Después de unos segundos, se retiró el fonendoscopio de las orejas, para sacar un termómetro del bolsillo de la bata.
-¿Recuerdas que te metiste por error en una sala de experimentación? -Me preguntó, mientras lo agitaba para bajarle el mercurio.

Asentí con la cabeza.
-Sí, pero… -traté de hacer algún gesto con la mano, pero las correas me impidieron moverme- ¿de verdad tengo que estar atada? Ya estoy consciente, podéis soltarme.

Henry me miró con expresión ceñuda, y después a los camilleros. Había un montón de médicos revisando los aparatos que registraban mis constantes vitales, y no se me pasó por alto que otros tantos me miraban con los ojos como platos, intercambiando la vista intermitentemente entre mi persona y el manojo de papeles que llevaban en las manos.
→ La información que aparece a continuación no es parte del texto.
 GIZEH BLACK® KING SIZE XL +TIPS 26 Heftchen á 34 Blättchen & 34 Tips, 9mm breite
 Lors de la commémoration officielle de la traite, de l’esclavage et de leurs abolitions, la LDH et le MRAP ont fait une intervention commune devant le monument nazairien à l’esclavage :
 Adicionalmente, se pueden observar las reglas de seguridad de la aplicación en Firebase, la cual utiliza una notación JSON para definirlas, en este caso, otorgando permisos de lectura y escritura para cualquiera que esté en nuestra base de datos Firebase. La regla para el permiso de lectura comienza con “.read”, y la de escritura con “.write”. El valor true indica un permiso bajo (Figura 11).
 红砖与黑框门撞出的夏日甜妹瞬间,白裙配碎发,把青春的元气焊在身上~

Quise preguntar qué diablos me pasaba, pero de pronto me dio auténtico pánico lo que pudieran contestar. Escuché cómo se disparaba el ritmo de mis constantes vitales, y traté de respirar hondo para calmarlas, pero los pitidos empezaron a sucederse con mayor frecuencia. 
-Jamie… -titubeó Henry Pym, observando el electrocardiógrafo.
-Suéltame, por favor -rogué, empezando a agobiarme de verdad. Estiré de las correas hacia arriba, simplemente para aumentar la vehemencia de mis palabras, pero, para mi sorpresa, estas crujieron.
La enfermera que estaba tratando de introducirme el termómetro bajo la axila, dio un paso atrás, asustada. En serio, ¿qué-está-pasando-aquí?
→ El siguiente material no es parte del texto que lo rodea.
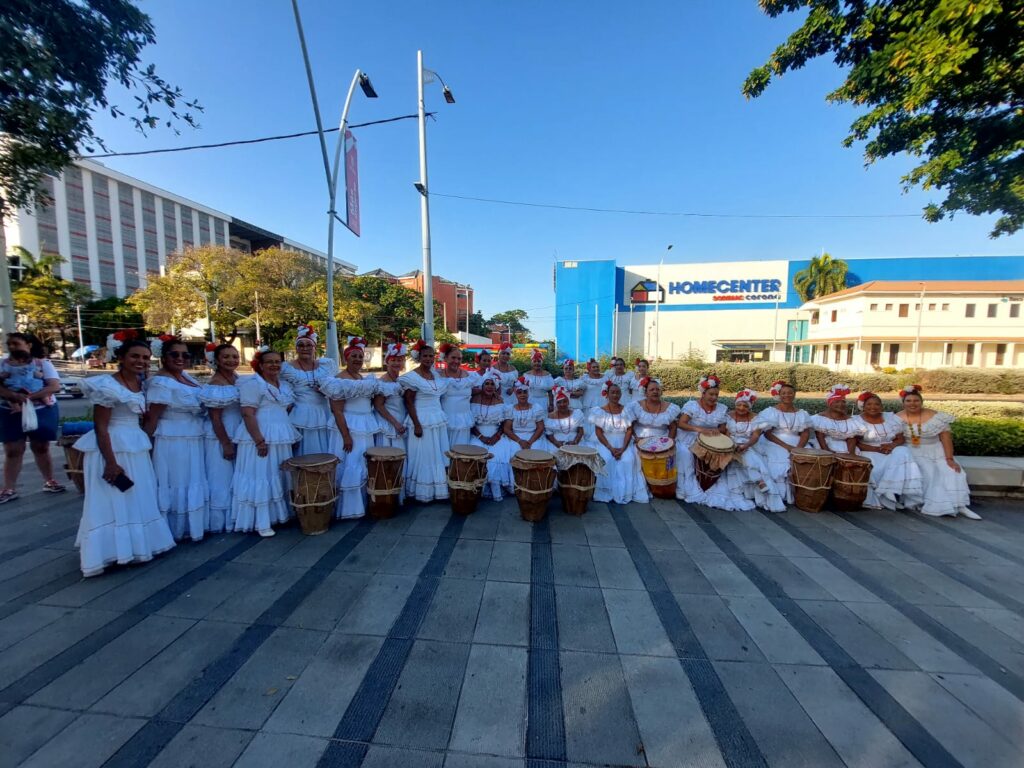J’ai un groupe de dames et de personnes âgées. Et aussi de jeunes ; des dames qui n’avaient jamais eu de contact direct avec la tradition. J’ai eu l’idée de créer un groupe et de commencer à les aider à en savoir un peu plus sur la tradition des Caraïbes colombiennes. Non seulement pourqu’ils connaissent la musique ancestrale, mais qu’ils aient aussi un endroit pour faire de la musique et occuper un peu plus leur temps libre en faisant de la musique. Et qu’aussi elles se sentent utiles à leur tour. Parce que sur la côte, comme partout ailleurs, les dames d’un certain âge se consacrent simplement à élever leurs petits-enfants. Dans notre Caraïbe, c’est comme ça. Alors, en arrivant à Barranquilla, je me suis rendu compte que ce sont des dames qui peuvent encore vivre, profiter, faire des choses par elles-mêmes et qu’on peut les prendre en compte. Et si elles ont voulu le faire quand elles étaient jeunes, elles n’en ont pas eu l’occasion.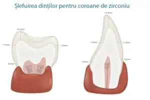 - Coroanele de zirconiu necesită șlefuirea de la 0,5-0,7 mm până la aproximativ 2 mm.
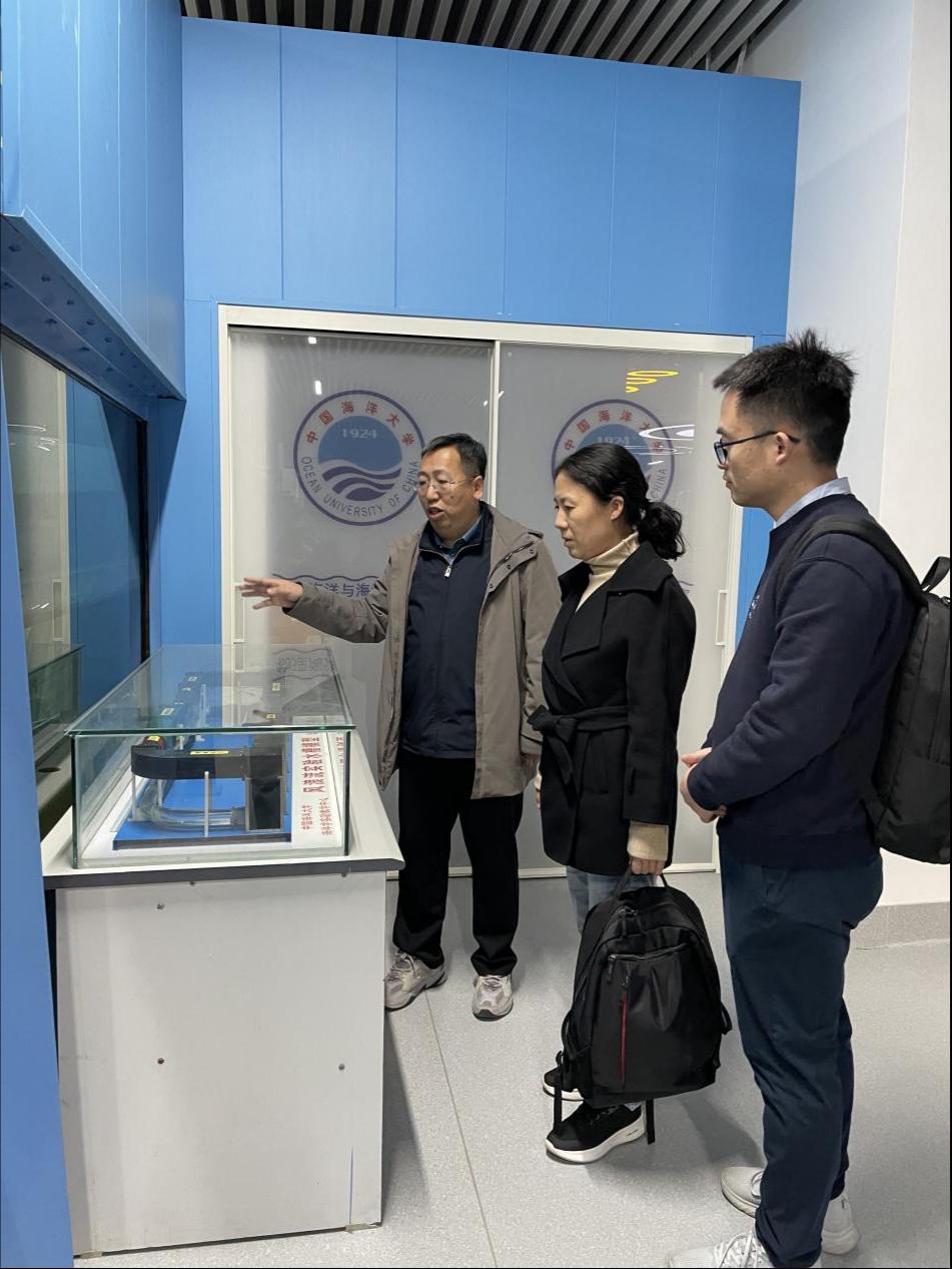 当天下午,侯庆华、胡耀强、李敏一行三人专程参观了中国海洋大学海洋学国家级实验教学示范中心。海洋与大气学院副院长陈旭热情接待了来访的三人。他深入浅出地讲解了学院的发展历程,详细介绍了先进的海洋调查设备和多种创新型流体力学设备,并分享了实验室高效运行的管理模式与创新举措。双方就本-硕-博贯通的海洋科学实践创新型人才培养体系设置、课程优化、教学手段及管理模式进行了深入的探讨。

Volví a estirar de las correas, esta vez concentrando más fuerza en los brazos, y aunque sentí cómo se me clavaba el cuero en la piel, las costuras protestaron con más violencia, hasta que de pronto, con un sobresalto, se partieron por la mitad.
-Jamie, cálmate -repuso el científico, mirándome con expresión ceñuda.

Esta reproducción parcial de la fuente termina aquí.